▸ TASK:
Below is a listing; retype exactly the lines between the one containing "石焼ビビンバと冷麺のセットを" and the one containing "报告显示,中原消金拟以个人消", inclusive, minus the pictures.

▸ THE DATA:
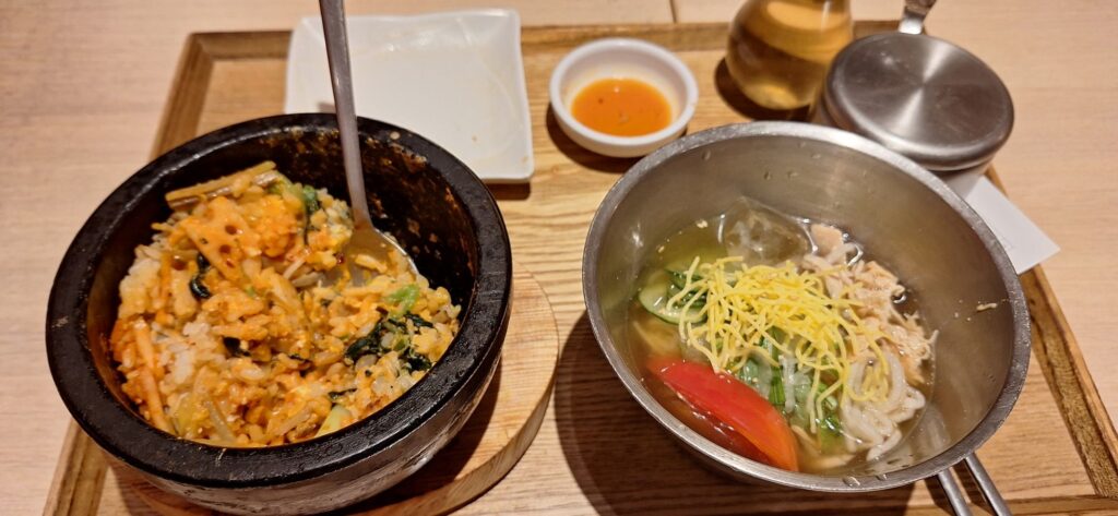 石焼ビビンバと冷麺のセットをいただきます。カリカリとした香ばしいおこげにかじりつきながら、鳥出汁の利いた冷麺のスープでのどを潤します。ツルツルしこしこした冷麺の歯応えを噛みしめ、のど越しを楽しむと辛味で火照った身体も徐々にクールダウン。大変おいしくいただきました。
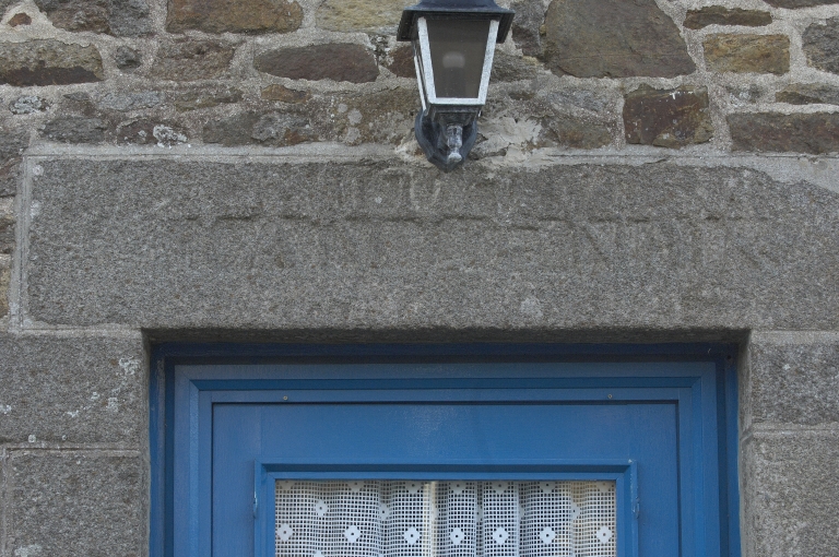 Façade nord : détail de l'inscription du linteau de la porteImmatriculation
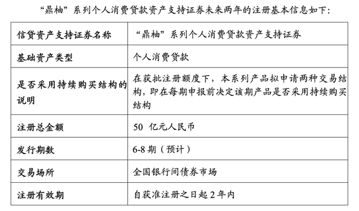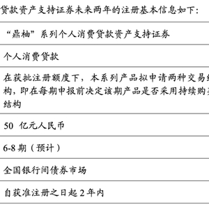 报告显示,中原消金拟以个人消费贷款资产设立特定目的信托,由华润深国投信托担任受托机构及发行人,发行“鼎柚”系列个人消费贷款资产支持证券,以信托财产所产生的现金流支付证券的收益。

...

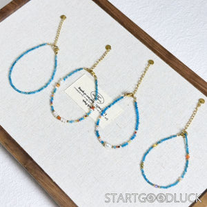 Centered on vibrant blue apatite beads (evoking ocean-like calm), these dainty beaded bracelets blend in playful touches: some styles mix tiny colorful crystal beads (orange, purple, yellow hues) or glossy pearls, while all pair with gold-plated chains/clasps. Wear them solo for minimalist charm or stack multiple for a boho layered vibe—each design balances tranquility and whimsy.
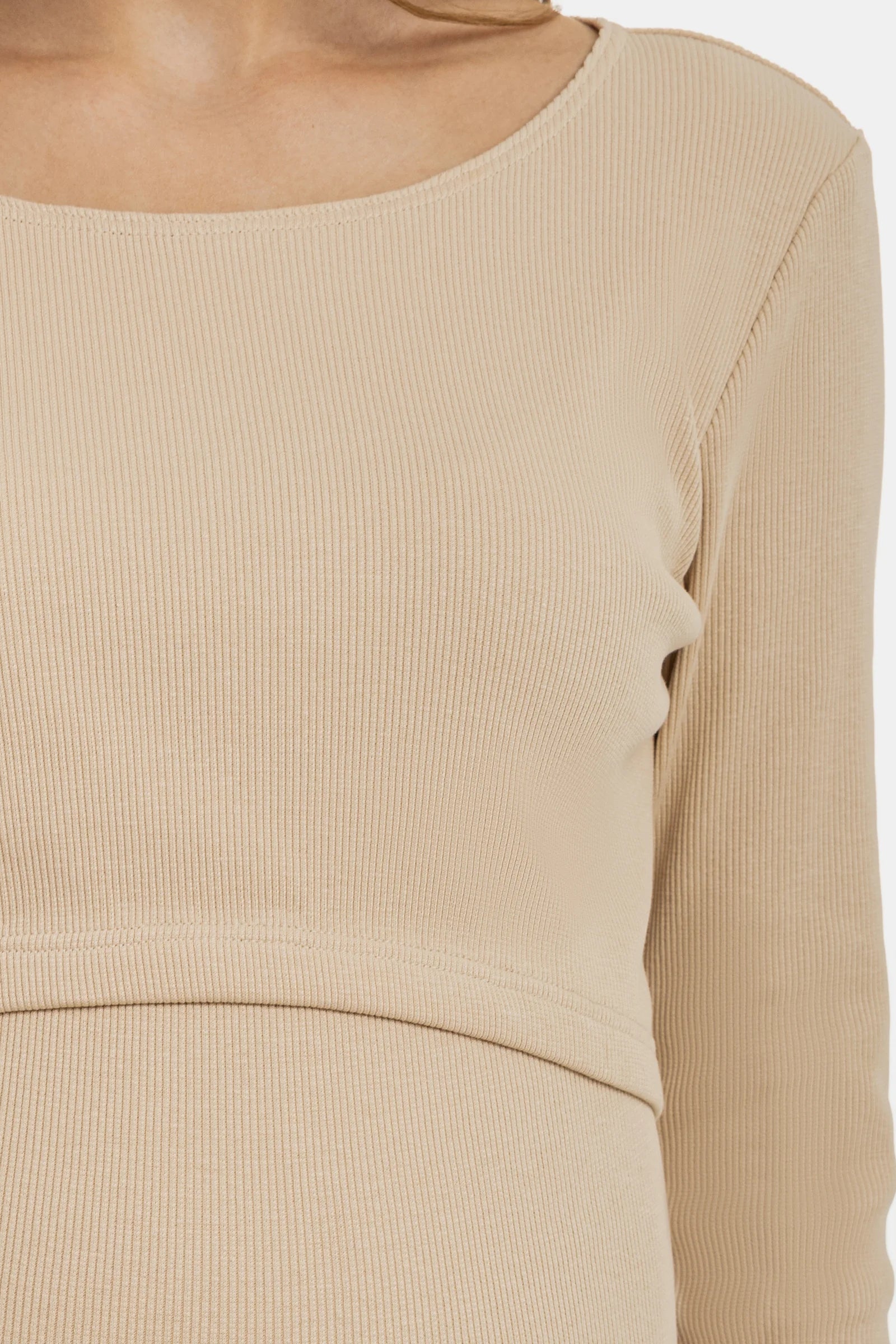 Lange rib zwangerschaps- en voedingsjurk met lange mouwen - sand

▸ RESPONSE TO THIS EXERCISE:
 石焼ビビンバと冷麺のセットをいただきます。カリカリとした香ばしいおこげにかじりつきながら、鳥出汁の利いた冷麺のスープでのどを潤します。ツルツルしこしこした冷麺の歯応えを噛みしめ、のど越しを楽しむと辛味で火照った身体も徐々にクールダウン。大変おいしくいただきました。
 Façade nord : détail de l'inscription du linteau de la porteImmatriculation
 报告显示,中原消金拟以个人消费贷款资产设立特定目的信托,由华润深国投信托担任受托机构及发行人,发行“鼎柚”系列个人消费贷款资产支持证券,以信托财产所产生的现金流支付证券的收益。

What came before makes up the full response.